◆ What to do: Your response to the data below should hold nothing except the lines from the one containing "Digital Sheet Music" down to the one containing "- VSAA darbinieks, zvanot", reproduced exactly and without pictures.

◆ Information provided:

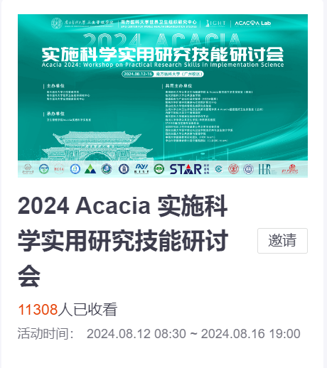 此次研讨会的成功举办,不仅彰显了南方医科大学卫生管理公司Acacia实施科学实验室与英国上市公司官网365& Acacia基层医疗卫生实验室(贵阳)在科学研究领域的深厚合作。会议的圆满结束也标志着实施科学的科学实用研究技能的进一步普及与推广,为未来的实施科学科研工作奠定了更加坚实的基础。
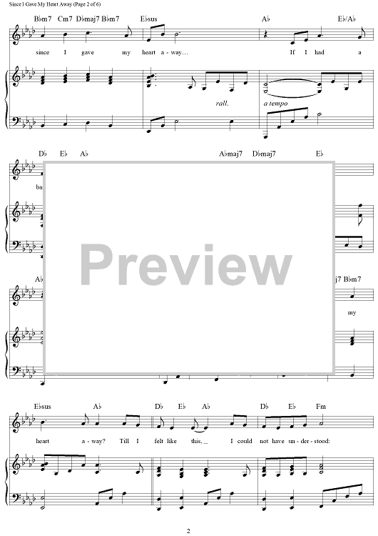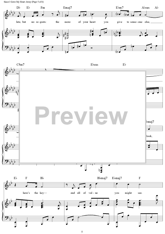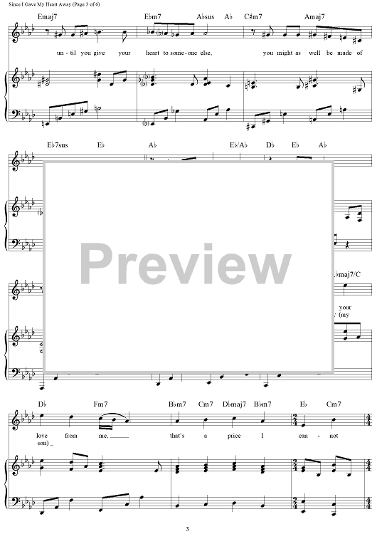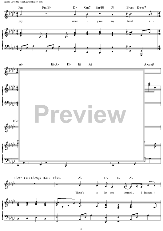 Digital Sheet Music for Since I Gave My Heart Away by Stephen Schwartz scored for Piano/Vocal/Chords; id:288174
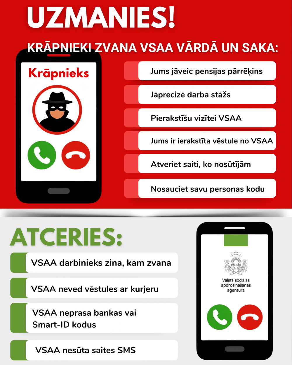 - VSAA darbinieks, zvanot klientam, jau zina, kam zvana, un neprasa personas kodu, adresi vai bankas datus.
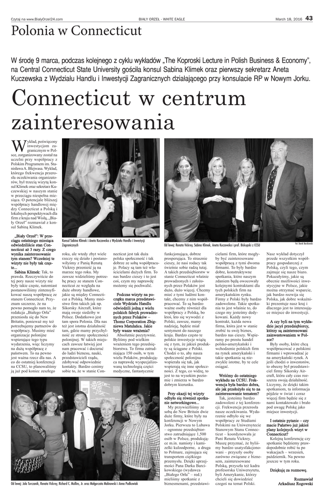 BIAŁY ORZEŁ . WHITE EAGLE Czytaj na www.BialyOrzel24.com March 18, 2016 43 Polonia w Connecticut w środę 9 marca, podczas kolejnego z cyklu wykładów „The koproski lecture in Polish Business & economy”, na central connecticut state University gościła konsul sabina klimek oraz pierwszy sekretarz aneta kuczewska z wydziału Handlu i inwestycji zagranicznych działającego przy konsulacie rP w Nowym Jorku. Connecticut w centrum zainteresowania W ykład, poświęcony inwestycjom zagranicznym w Polsce, zorganizowany został na uczelni przy współpracy z Polskim Programem im. Stanisława A. Blejwasa. Wykład, którego frekwencja przerosła oczekiwania organizatorów, był trzecią wizytą konsul Klimek oraz sekretarz Kuczewskiej w naszym stanie w przeciągu niespełna miesiąca. O potencjale bliższej współpracy handlowej między Connecticut a Polską i lokalnych perspektywach dla firm z kraju nad Wisłą, „Biały Orzeł” rozmawiał z konsul Sabiną Klimek. „Biały Orzeł”: W przeciągu ostatniego miesiąca odwiedziliście stan Connecticut aż 3 razy. Z czego wynika zainteresowanie tym stanem? Wcześniej te wizyty nie były tak częste... Sabina Klimek: Tak, to prawda. Rzeczywiście do tej pory nasze wizyty nie były takie częste, natomiast postanowiliśmy zintensyfikować naszą współpracę ze stanem Connecticut. Przyznam szczerze, że na pewno pomogło nam to, że redakcja „Białego Orła” przeniosła się do New Britatin, ponieważ my też potrzebujemy partnerów do współpracy. Musimy mieć organizacje polonijne wspierające tego typu wydarzenia, więc liczymy na dużą współpracę z państwem. To na pewno jest ważna rzecz dla nas. A co do ostatniej konferencji na CCSU, to planowaliśmy ją już pod koniec zeszłego Konsul Sabina Klimek i Aneta Kuczewska z Wydziału Handlu i Inwestycji Zagranicznych roku, ale wtedy zbyt wiele rzeczy się działo i postanowiłyśmy z Panią Renatą Vickrey przenieść ją na marzec tego roku. My zawsze widzieliśmy potrzebę pracy ze stanem Connecticut ze względu na duże obroty handlowe, jakie są między Connecticut a Polską. Mamy mnóstwo firm takich jak np. Sikorsky Aircraft, które mają swoje siedziby w Polsce. Dodatkowo jest tam spora Polonia. Dla nas też jest istotna działalność tam, gdzie mamy przychylność ze strony społeczności polonijnej. W takich miejscach zawsze łatwiej jest nam pracować i docierać do ludzi biznesu, nauki, przedstawicieli rządu, zdobywać odpowiednie kontakty. Bardzo cenimy sobie to, że w stanie Con- necticut jest tak duża polska społeczność i tak dobrze ze sobą współpracuje. Polacy są tam też właścicielami dużych firm. To nas bardzo cieszy i to jest coś, czym my naprawdę możemy się pochwalić. Podczas wizyty na początku marca przedstawiciele Wydziału Handlu odwiedzili jedną z wielu polskich fabryk prowadzonych przez Polaków – Thomz Corporation Zbigniewa Matulańca. Jakie były wasze wrażenia? Absolutnie pozytywnie. Byliśmy pod wielkim wrażeniem tego przedsiębiorstwa. To firma zatrudniająca 150 osób, w tym wielu Polaków, produkująca naprawdę wyspecjalizowaną technologią części medyczne, fantastycznie Od lewej: Jola Turczanik, Renata Vickrey, Richard C. Mullins, Jr. oraz Małgorzata Malinowski i Anna Podkowiak Od lewej: Renata Vickrey, Sabina Klimek, Aneta Kuczewska i prof. Biskupski z CCSU funkcjonująca, dobrze prosperująca. To strasznie cieszy, że nasi rodacy tak świetnie sobie radzą tutaj. A takich przedsiębiorstw w stanie Connecticut właśnie prowadzonych i założonych przez Polaków jest dużo, dużo więcej. Chcemy mieć z tymi ludźmi kontakt, chcemy z nim współpracować. To są bardzo ważne osoby również dla współpracy z Polską, bo ktoś, kto się wywodzi z Polski, zawsze, mamy nadzieję, będzie miał sentyment do naszego kraju. Bardzo często te polskie inwestycje wiążą się z tym, że jakieś produkty są ściągane z Polski. Chodzi o to, aby nasza społeczność polonijna wspierała się tak, jak wspierają się inne społeczności. Z tego, co widzę, to jest to na wysokim poziomie i zmierza w bardzo dobrym kierunku. Przy okazji tej wizyty odbyło się również spotkanie networkingowe... My przywieźliśmy ze sobą do New Britain dwie duże firmy, które były na konferencji w Nowym Jorku. Pierwsza to Lubawa – ogromne przedsiębiorstwo zatrudniające 1,500 osób w Polsce, produkujące m.in. namioty i kamizelki kuloodporne, a druga to Polmare, zajmująca się transportem ciężkiego przemysłu. Dzięki uprzejmości Pana Darka Barcikowskiego (wydawca „Białego Orła” – red.) mieliśmy spotkanie z biznesmenami, przedstawi- cielami firm, które mogłyby być zainteresowane współpracą z tymi dwoma firmami. To były bardzo dobre, konstruktywne spotkania, które naszym zdaniem będą owocowały kolejnymi kontraktami dla tych polskich firm na amerykańskim rynku. Firmy z Polski były bardzo zadowolone. Takie spotkania to jest właśnie to, do czego my jesteśmy dedykowani. Każdy nowy kontrakt, każda nowa firma, która jest w stanie zrobić tu swój biznes, bardzo nas cieszy. Wspieramy po prostu handel polsko-amerykański i wchodzenie polskich firm na rynek amerykański i takie spotkania są niezwykle istotne, by te cele osiągać. Wróćmy do ostatniego wykładu na CCSU. Frekwencja była bardzo dobra, ale jak przełożyło się to na zainteresowanie tematem? Tak, jesteśmy bardzo zadowoleni z tej konferencji. Frekwencja przerosła nasze oczekiwania. Wydarzenie odbyło się we współpracy ze Studiami Polskimi na Uniwersytecie Stanowym Stanu Connecticut – koordynowała je Pani Renata Vickrey. Muszę przyznać, że byliśmy bardzo usatysfakcjonowani – przyszły osoby zarówno związane z biznesem, zainteresowane Polską, przyszła też kadra profesorska Uniwersytetu, byli Amerykanie, którzy chcieli się dowiedzieć czegoś na temat Polski. Fot. Darek Barcikowski Nasz wykład dotyczył przede wszystkim wspó

◆ Task solution:
 Digital Sheet Music for Since I Gave My Heart Away by Stephen Schwartz scored for Piano/Vocal/Chords; id:288174
 - VSAA darbinieks, zvanot klientam, jau zina, kam zvana, un neprasa personas kodu, adresi vai bankas datus.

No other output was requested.